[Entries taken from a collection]
========

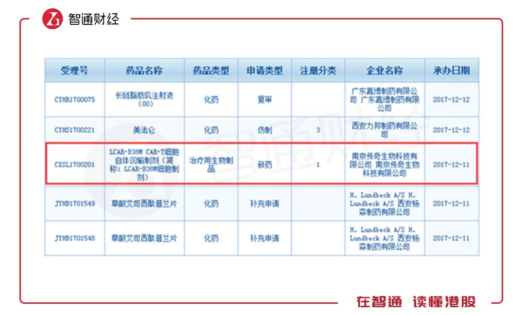 到2017年12月11日,傳奇生物提交CAR-T療法中國臨床申請(CXSL1700201)獲得CDE正式承辦受理,成為國內(nèi)首個獲得受理的CAR-T產(chǎn)品。同月18日,藥品評審中心公布第二十五批優(yōu)先審評審批名單,傳奇生物的LCAR-B38MCAR-T細胞自體回輸制劑獲準進入。2018年3月12日獲CFDA臨床審批完畢。
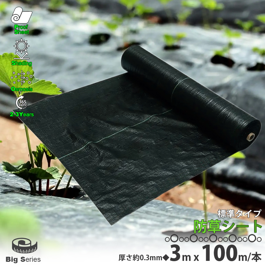 ● 商品名:防草シート 黒 3m×100m 1巻 厚さ0.3mm
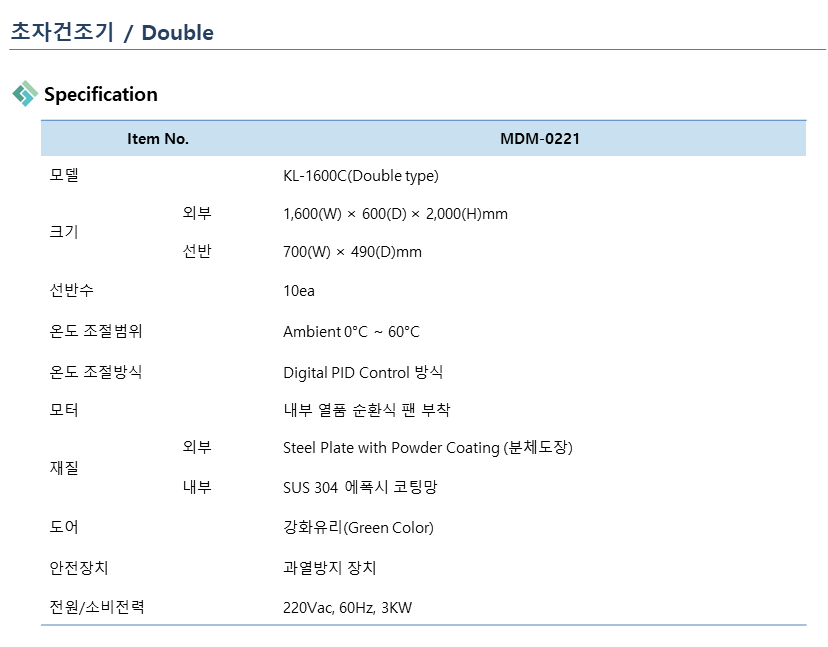 - 도어는 투시창이 설치되어 건조상태 확인 가능
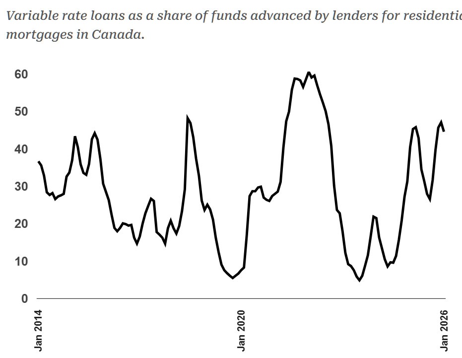 加拿大人再次涌向浮动利率抵押贷款,近45%的贷款发放资金用于此类贷款,较2023年7月创下的4.9%的历史低点大幅攀升。
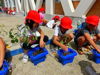 ピーマンやパプリカ、ミニトマトなどの野菜の苗を植えました。
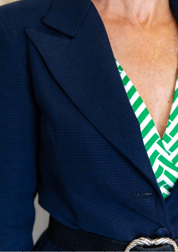 When a blazer is irresistible… Here is Manhattan! This jacket is definitely the centerpiece of the Empire State of Fauve collection: a fitted cut with inserts, with marked shoulders, a bold arrow collar, a length in tune with the times, perfect for wearing your blazer belted and the possibility of sewing a piped pocket with flap or a patch pocket with flap. And the finishes are impeccable right down to the end because your jacket is fully lined, with a secret pocket inside the garment. Terribly chic, right?!
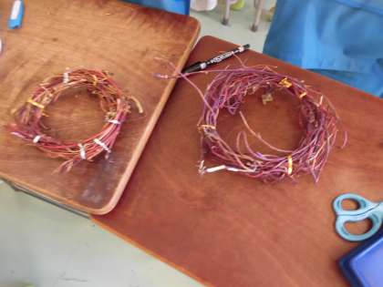 小学校に入学して初めて育てた朝顔のつるを使います。支柱に絡みついた長いつるを、なるべく切らないようにはずします。硬そうに見えましたが、みんな上手に丸い形を作っていました。少し葉の残っているものもあり、よいアクセントになっていました。好きな太さ、大きさに形を整えるところまで今日は作業をしました。次回は毛糸やモール、ビーズなどを持ってきて、華やかに飾りつけをします。
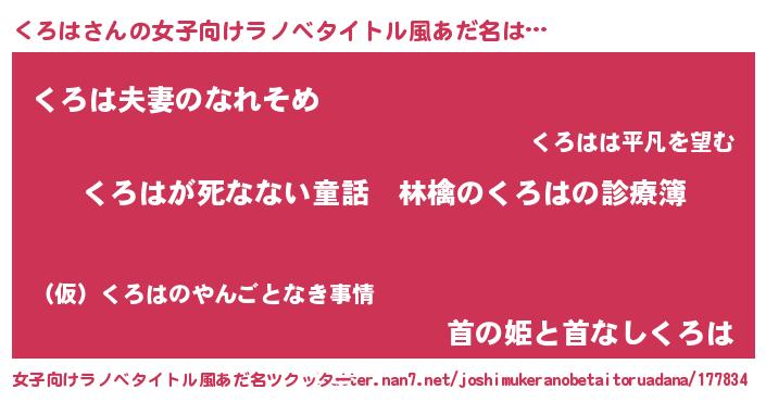 | 意味不明あだ名 | 『住所不定無職くろは(89歳)』 |
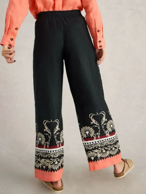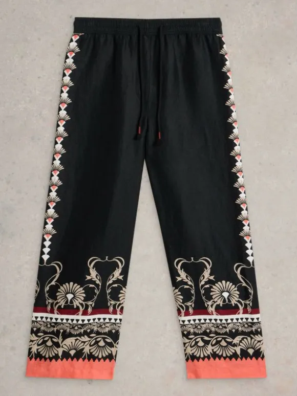 Belle Linen Wide Leg Trouser in BLACK PRINT
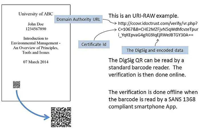The following education certificate examples use the URI-RAW DigSig envelope format. The URI format allows a generic barcode reader to read the DigSig where after it can be verified online using the URI of the trusted issuer of the DigSig. Often the ISO/IEC 20248 compliant smartphone application (App) will be available on this website for down load, where after the DigSig can be verified offline. Note, a compliant App must be able to verify DigSigs from any trusted DigSig issuer.
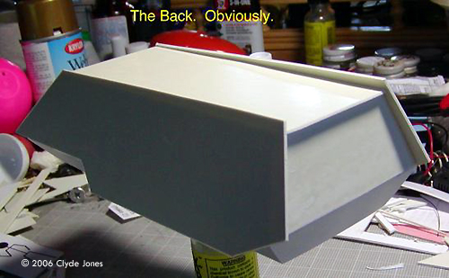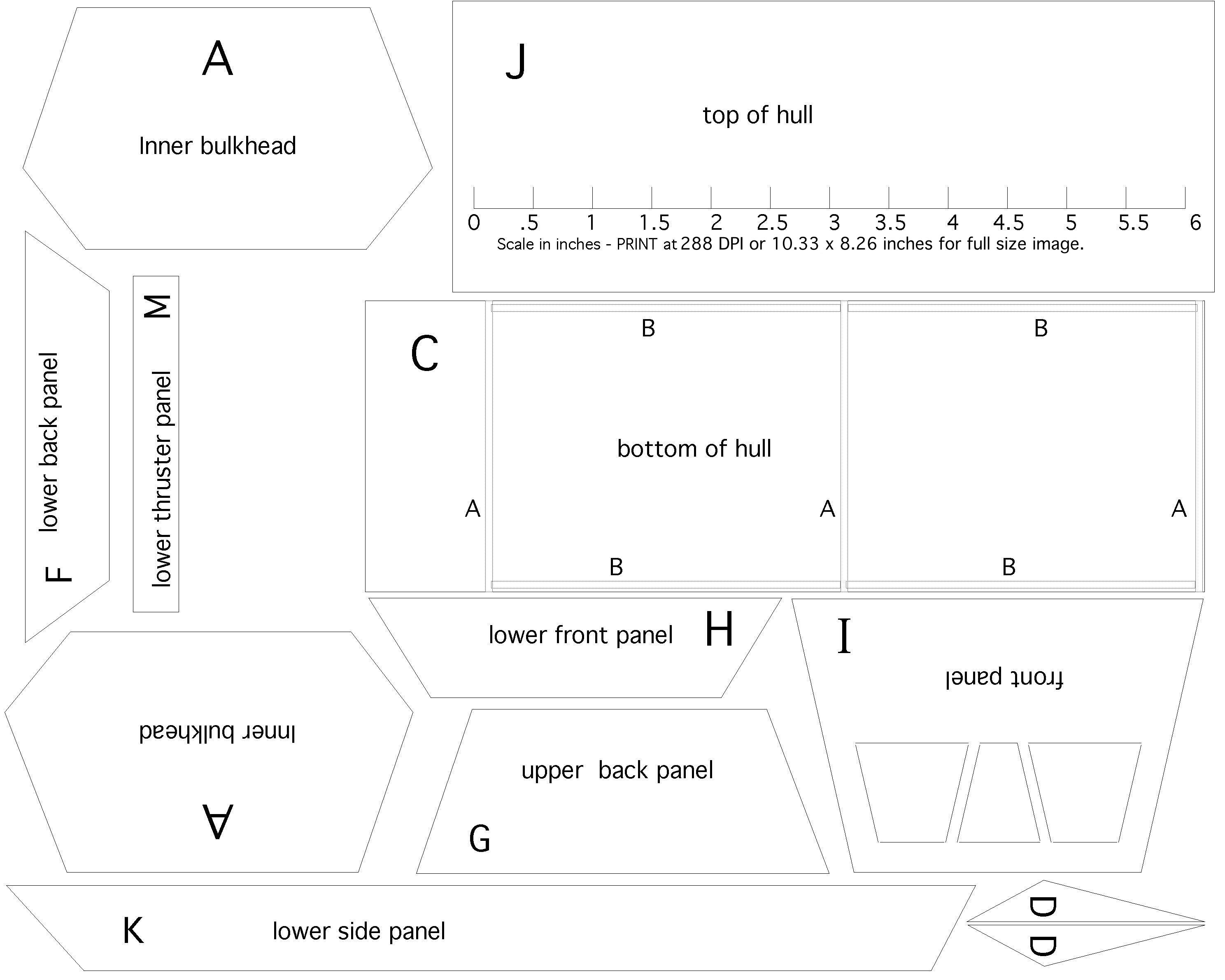 Instructions and Plans Image: Plans in PDF format (thanks to Frank Henriquez)Image: Plans, medium resolution, page 1 Image: Plans (med res) page 2 Image: Plans, page 1 (hi res) Image: Plans, page 2 (hi res) Image: Instructions (lo res - 72dpi) Image: Instructions (higher res, for printing) ^ First, print off the plans .... Image: .... then peel and stick on the styrene sheets. Image: Cut out the shapes ^ Basic assembly Image: Building up the sides Image: Close-up of the joint, step by step Image: Back detail Image: Lower back ^ Rough shape is now complete Image: Back, with out the thrusters Image: Hull is basically finsihed ^ Adding the nacelles Image: Adding detail ^ Structurally complete. Completed Model Image: Front/right viewImage: Right side Image: Right/rear |

========

- [YOUR INSTRUCTIONS]:
What is needed is an exact copy of each line from the top of the data above through the line containing "加拿大人再次涌向浮动利率抵押", with no pictures.

- [SOLVED PROBLEM]:
 到2017年12月11日,傳奇生物提交CAR-T療法中國臨床申請(CXSL1700201)獲得CDE正式承辦受理,成為國內(nèi)首個獲得受理的CAR-T產(chǎn)品。同月18日,藥品評審中心公布第二十五批優(yōu)先審評審批名單,傳奇生物的LCAR-B38MCAR-T細胞自體回輸制劑獲準進入。2018年3月12日獲CFDA臨床審批完畢。
 ● 商品名:防草シート 黒 3m×100m 1巻 厚さ0.3mm
 - 도어는 투시창이 설치되어 건조상태 확인 가능
 加拿大人再次涌向浮动利率抵押贷款,近45%的贷款发放资金用于此类贷款,较2023年7月创下的4.9%的历史低点大幅攀升。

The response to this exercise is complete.